§ **Assignment**
In your copy of the data, include no pictures and alter nothing else.

§ **Input data**

Start of Block

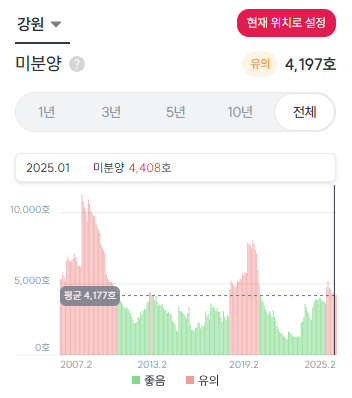 강원도는 아직 한창 하락장이 진행되고 있으며 가격이 더 떨어지고 있을 것이라는 점을 매물량의 증가 그래프를 통해 어렴풋이 짐작할 수 있습니다.
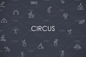 图穷联素材库 » 马戏团矢量图标制作Circus thinline icons
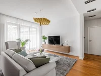 The interior is bright, sunny, and tastefully decorated. Wooden floors, natural light, and well-chosen colors create a harmonious and comfortable atmosphere. High-quality materials and appliances were used throughout. The layout is functional and gives a sense of space and order.
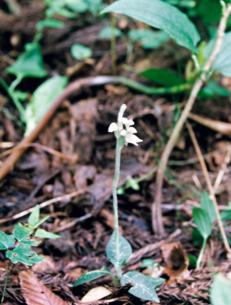 深山の針葉樹林下に生える多年草、葉の表面に白色の網目状の斑紋が入る

End of Block

§ **Reply to the exercise**
 강원도는 아직 한창 하락장이 진행되고 있으며 가격이 더 떨어지고 있을 것이라는 점을 매물량의 증가 그래프를 통해 어렴풋이 짐작할 수 있습니다.
 图穷联素材库 » 马戏团矢量图标制作Circus thinline icons
 The interior is bright, sunny, and tastefully decorated. Wooden floors, natural light, and well-chosen colors create a harmonious and comfortable atmosphere. High-quality materials and appliances were used throughout. The layout is functional and gives a sense of space and order.
 深山の針葉樹林下に生える多年草、葉の表面に白色の網目状の斑紋が入る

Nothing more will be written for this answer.